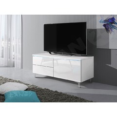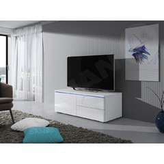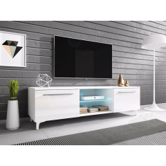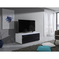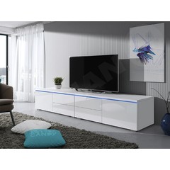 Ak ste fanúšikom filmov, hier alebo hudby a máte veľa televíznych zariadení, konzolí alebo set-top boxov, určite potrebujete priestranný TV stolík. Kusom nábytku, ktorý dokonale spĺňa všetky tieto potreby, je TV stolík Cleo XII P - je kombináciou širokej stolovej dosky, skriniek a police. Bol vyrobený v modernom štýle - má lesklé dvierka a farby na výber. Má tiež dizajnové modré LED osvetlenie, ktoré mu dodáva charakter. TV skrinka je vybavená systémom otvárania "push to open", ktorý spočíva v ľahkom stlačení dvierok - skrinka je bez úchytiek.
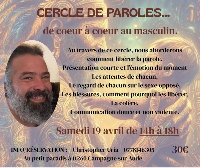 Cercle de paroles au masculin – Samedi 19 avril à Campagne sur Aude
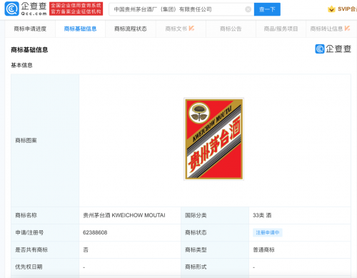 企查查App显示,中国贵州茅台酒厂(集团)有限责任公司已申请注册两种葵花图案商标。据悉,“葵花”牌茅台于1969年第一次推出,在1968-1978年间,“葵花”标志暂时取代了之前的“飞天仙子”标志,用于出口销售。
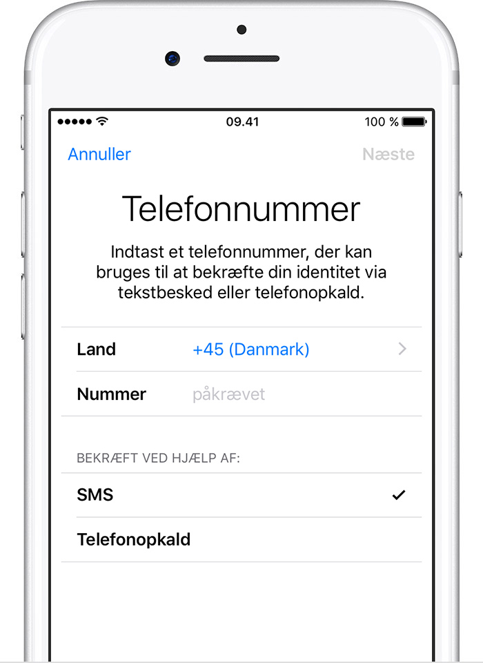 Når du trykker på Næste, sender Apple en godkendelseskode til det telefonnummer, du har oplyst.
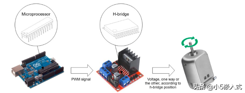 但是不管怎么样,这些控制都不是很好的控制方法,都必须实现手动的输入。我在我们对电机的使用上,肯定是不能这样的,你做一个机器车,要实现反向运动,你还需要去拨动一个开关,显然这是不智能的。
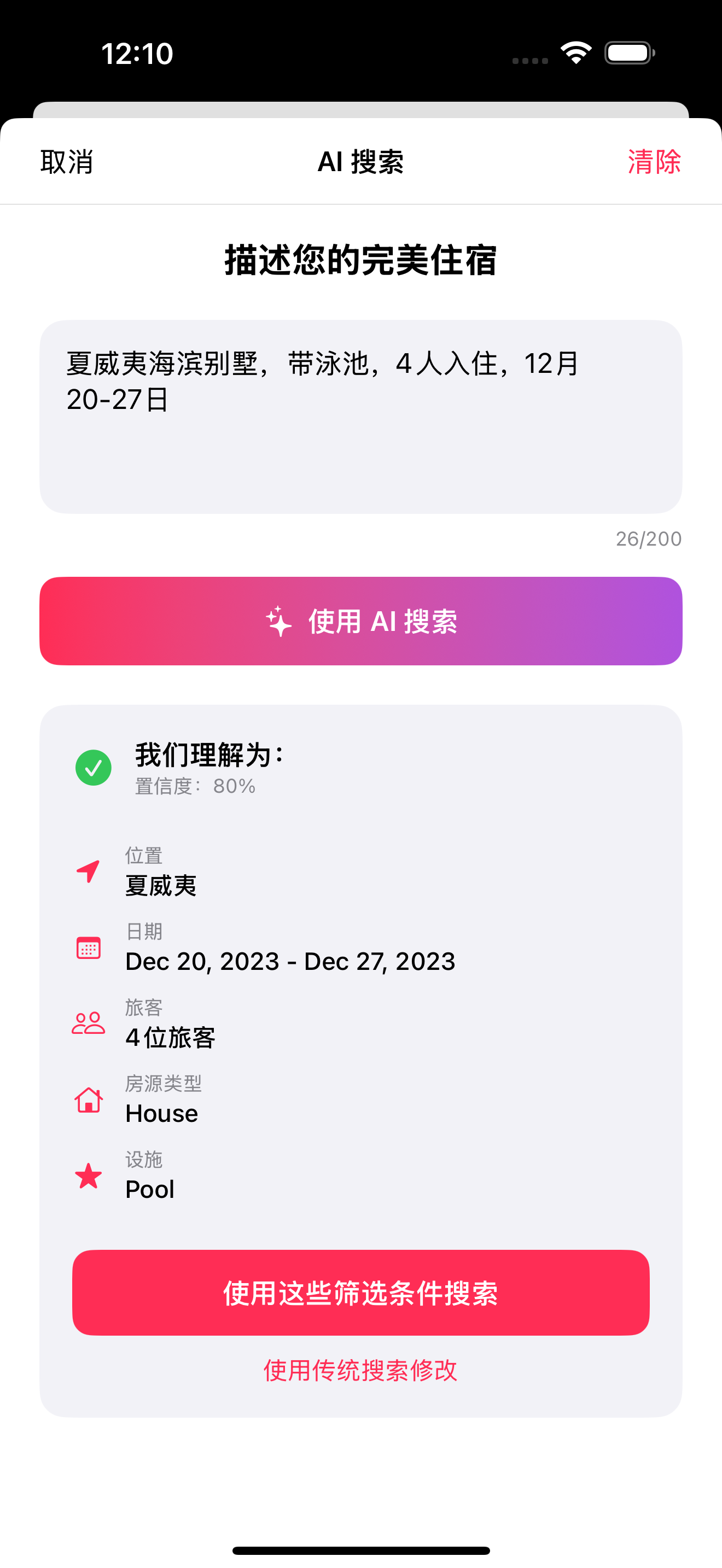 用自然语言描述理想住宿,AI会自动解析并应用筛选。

########################################

[Your task]
Pictures appear in the records above. Output everything except them, exactly.

[Exercise result]
 Ak ste fanúšikom filmov, hier alebo hudby a máte veľa televíznych zariadení, konzolí alebo set-top boxov, určite potrebujete priestranný TV stolík. Kusom nábytku, ktorý dokonale spĺňa všetky tieto potreby, je TV stolík Cleo XII P - je kombináciou širokej stolovej dosky, skriniek a police. Bol vyrobený v modernom štýle - má lesklé dvierka a farby na výber. Má tiež dizajnové modré LED osvetlenie, ktoré mu dodáva charakter. TV skrinka je vybavená systémom otvárania "push to open", ktorý spočíva v ľahkom stlačení dvierok - skrinka je bez úchytiek.
 Cercle de paroles au masculin – Samedi 19 avril à Campagne sur Aude
 企查查App显示,中国贵州茅台酒厂(集团)有限责任公司已申请注册两种葵花图案商标。据悉,“葵花”牌茅台于1969年第一次推出,在1968-1978年间,“葵花”标志暂时取代了之前的“飞天仙子”标志,用于出口销售。
 Når du trykker på Næste, sender Apple en godkendelseskode til det telefonnummer, du har oplyst.
 但是不管怎么样,这些控制都不是很好的控制方法,都必须实现手动的输入。我在我们对电机的使用上,肯定是不能这样的,你做一个机器车,要实现反向运动,你还需要去拨动一个开关,显然这是不智能的。
 用自然语言描述理想住宿,AI会自动解析并应用筛选。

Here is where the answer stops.